I am still here, still breathing, still living! I haven't blogged because of a few reasons. First, my computer still isn't being cooperative. It needs a checkup, so my friend is working on it. I might not have it back for a week, so you'll just have to give me a moment and be patient until I get it back and can go into more detail about life.
The other reason is, of course, my new job. I'm still adjusting to the new routine and trying to keep boundaries between work and home, but it's a good adjustment. The first week had its share of worries as I realized how big of a change I was actually facing, then questioned my ability to handle the change. But since then I've been digging in and learning SO much.

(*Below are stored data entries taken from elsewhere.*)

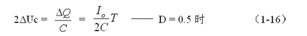 由圖1-6可以看出,在控制開關(guān)的占空比D等于0.5的情況下,電容器充、放電的電荷和充、放電的時間,以及正、負電壓紋波值均應(yīng)該相等,并且電容器充電流的平均值也正好等于流過負載的電流。因此,電容器充時,電容器存儲的電荷ΔQ為:
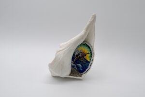 Janie Stamm was born and raised on the edge of the Everglades in Broward County, Florida. She is a craft-based artist currently residing on the western banks of the Mississippi River in Saint Louis, Missouri. Her work focuses on preserving Florida’s environmental and queer history in the face of climate change through embroidery and assemblage.
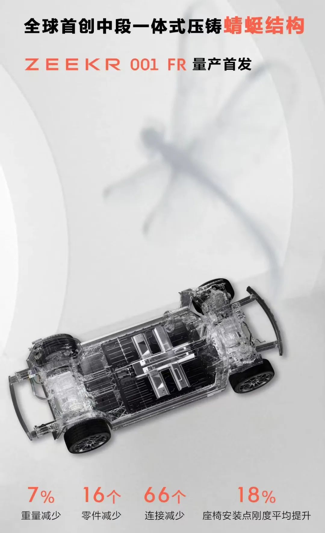 极氪001 FR中段一体式压铸蜻蜓结构

I had a conversation with one of the musicians at work/church today. He asked how the job is going, and I told him I feel God has brought me full circle. I remember the first time I ever talked to someone at church - it happened to be him, after he played a meaningful song on one of my first visits there - and how he sang that same song the first weekend after I became a staff member (just two weekends ago). It's so beautiful to be in the midst of a moment when I know God is changing me, and to be able to see the change as it's happening. Mostly, it's beautiful to fully open my hands to Him and defer to His direction for me.
In the last few weeks as I adjust to these changes, I have felt God's calming presence standing beside me. I know without a doubt that He is using this transition period in my life to grow me and stretch me. I trust Him completely, even in the moments when my confidence is shaky. He is becoming my confidence instead!